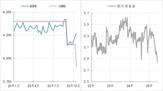 首先,美元流动性紧张的警报已经解除。9月份以来,美元担保隔夜融资利率(SOFR)就持续高于美元利率走廊上限——准备金利率(IORB),目前SOFR为4.27%,IORB为3.9%,隔夜利率超出走廊上线的幅度已接近40BPs,且市场对美联储流动性的需求也在持续增多,反映出美元流动性有持续紧张的趋势。
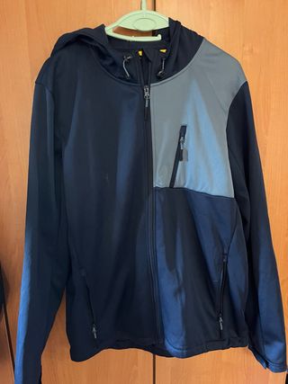 Sudadera con capucha y cremallera completa, combinando paneles de dos colores. - Diseño con paneles en azul marino y gris. - Cremallera frontal. - Bolsillos con cremallera.
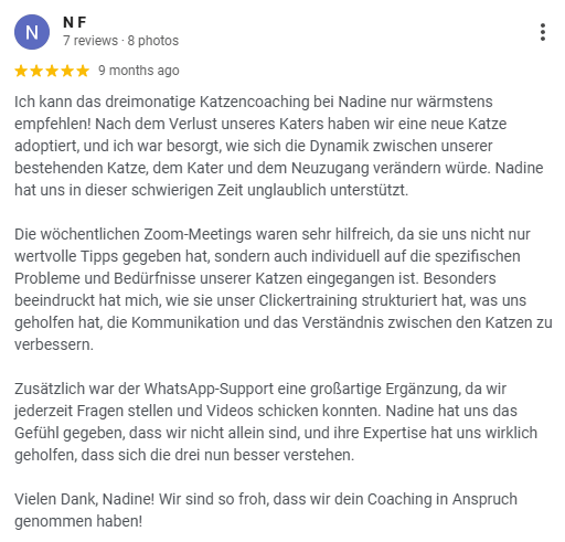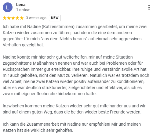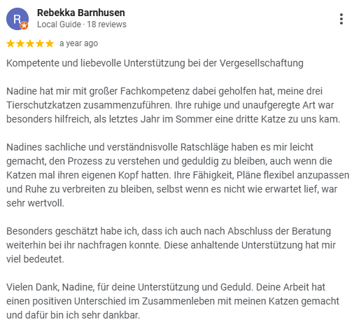 Hallo, ich bin Nadine, deine Katzenexpertin. Als ausgebildete Katzenverhaltensberaterin und Katzentrainerin helfe ich Katzenhaltern, wenn es im Zusammenleben mit ihren Katzen nicht ganz rund läuft.
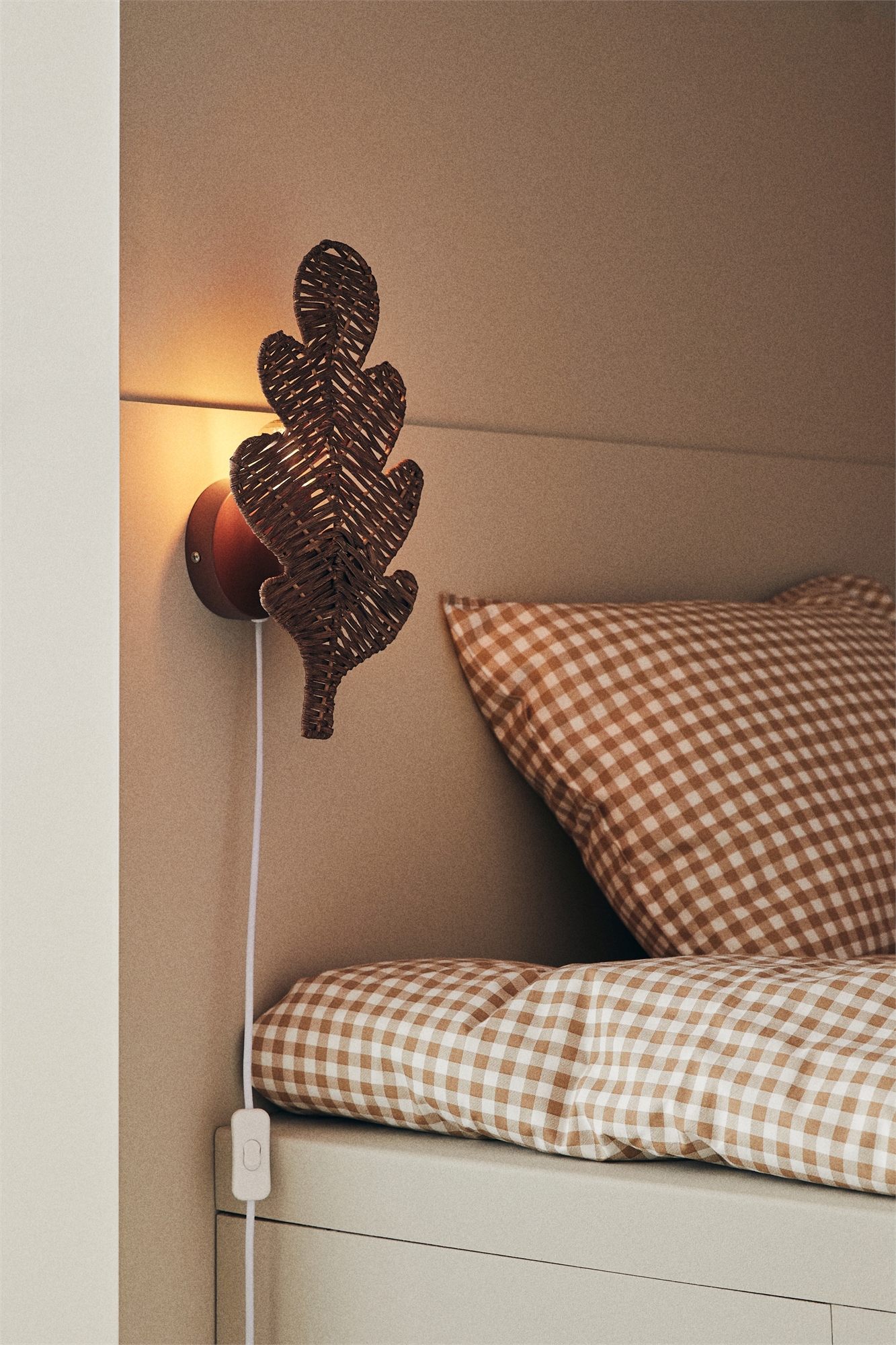 Настенный светильник из ротанга в форме дубового листа. Отражатель рассеивает теплый рассеянный свет в комнате. Металлический настенный кронштейн и кабель с пластиковым выключателем. Для источников света с цоколем E14. Максимальная мощность 6 Вт. Лампочка в комплект не входит. Глубина 9 см. Высота 35 см.
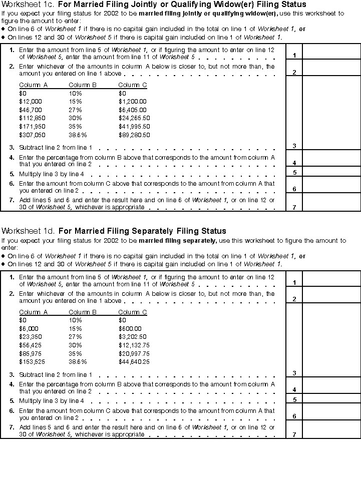 Worksheets 1c and 1d Tax Rate Schedules for MFJ and MFS

:::::

The problem -
Reproduce the span beginning at the line with "Hallo, ich bin" and ending at the last line of the entries above, inclusive, exactly as it stands. Exclude the pictures.

Answer space -
 Hallo, ich bin Nadine, deine Katzenexpertin. Als ausgebildete Katzenverhaltensberaterin und Katzentrainerin helfe ich Katzenhaltern, wenn es im Zusammenleben mit ihren Katzen nicht ganz rund läuft.
 Настенный светильник из ротанга в форме дубового листа. Отражатель рассеивает теплый рассеянный свет в комнате. Металлический настенный кронштейн и кабель с пластиковым выключателем. Для источников света с цоколем E14. Максимальная мощность 6 Вт. Лампочка в комплект не входит. Глубина 9 см. Высота 35 см.
 Worksheets 1c and 1d Tax Rate Schedules for MFJ and MFS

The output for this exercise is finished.